So the time came and Fatima rose. His robes fluttering around his gently undulating body, he danced a dance of well-being and wealth. Britain was "ever more prosperous and successful ... a Rolls-Royce economy, built to last". For the first time Britain had enjoyed a higher rate of growth than either France or Germany for five clear years (Germany's incorporation of an entire basket-case Stalinist nation in that time, rightly, never rates a mention).

Then Fatima swung to the samba rhythms of consumption. Consumer spending would go up by 3 per cent this year, by 4 per cent next year, a testament to "a more confident consumer". Images rose like think-bubbles from the Chancellor's head, and floated around the roof of the chamber; images of confident consumers, striding purposefully through stuffed supermarkets, images of happy businessmen pointing with determination at the expensive motors of their choice, images of gadgets and gizmos overloading the shelves of contented, ordinary working people. Certainly Fatima seemed to bear out the truth of these images - the more of his waiting whisky the Chancellor consumed, the more confident he became.

By now the belly was wobbling almost uncontrollably and the back benches were very nearly shouting "off, off, off!" Not out of excitement, I should add, but impatience. Given the level of information that we already had about the budget, waiting for the veils to fall was like waiting for your partner of 30 years to take his clothes off - not unpleasant, but hardly worth a major performance. Teresa Gorman, upstairs in the Tory overspill, was asleep and we'd all had enough of the music - it was time for the strip.

As Fatima twirled ponderously, an old tease was revealed. Just a week ago the Chief Secretary to the Treasury, Willy Waldegrave (sitting smiling just behind the capacious bottom of his amiable boss) had thrown every possible Labour commitment - and a few impossible ones - into one pile and costed them as adding vast amounts to direct taxation. But actually there had been lots of money available all along! Tax relief on profit- related pay could be phased out! Tax loopholes could be closed! Ingenious accountants outfoxed! Fraud eliminated! Smugglers caught and their baccy and rum confiscated! Housing benefit cut! So there was tons of dosh available for education and health and the poor and cutting borrowing and...?

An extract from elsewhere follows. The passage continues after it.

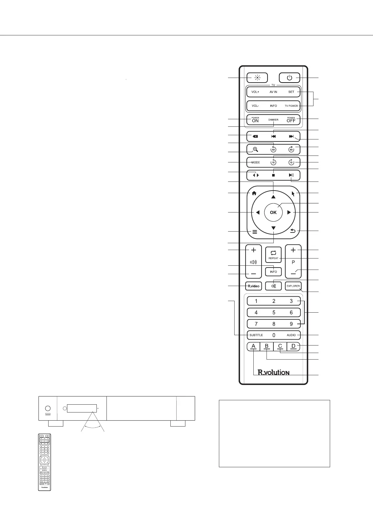 28-29. VOLUME +/-: Increase / Decrease volume.

At last, the last small pieces of gauze were theatrically cast off and floated to the floor. Thresholds were duly raised. Then "this is the stage of my speech", he tantalised, "where everyone is asking themselves - are the guesses of the newspapers right?" One hand fluttered the last tiny wisp over the most interesting part of his fiscal anatomy. "And yes, Mr Deputy Speaker, I am indeed also able to reduce the basic rate of income tax by one penny." God knows, they thought, it isn't very big, but it is there. The Tory benches waved their order papers more in relief than out of arousal. Naked and sweating, Fatima sat down.

Whooosh! For an hour and a quarter the Boy Wonder on the benches opposite had been frowning, making notes, reading missives sent in by clever teenagers at computer keyboards elsewhere, and generally keying himself up for his response. A blue-blooded chap, he could appreciate some of Fatima's more sensuous moves, but his tight superhero costume was snagging, and he was increasingly anxious to perform. So when all was finally revealed, he wasn't inclined to dwell on the pleasures now visible.

One finger raised - like Superman about to soar into the night skies of Gotham City - he launched an attack of such ferocity and detail that many of us journalists thought he would end up in the gallery next to us.

It was devastating stuff. The much-vaunted extra money for the health service year on year on year? That is 0.2 per cent in year two, 0.1 per cent in year three, a fall after that. More money on education? Ah, but the small print reveals big shortfalls in money for councils, meaning large council tax increases or cuts in budgets like education. The citizens needed to wake up, yelled Boy Wonder - turn Fatima around to see what is written on her other side.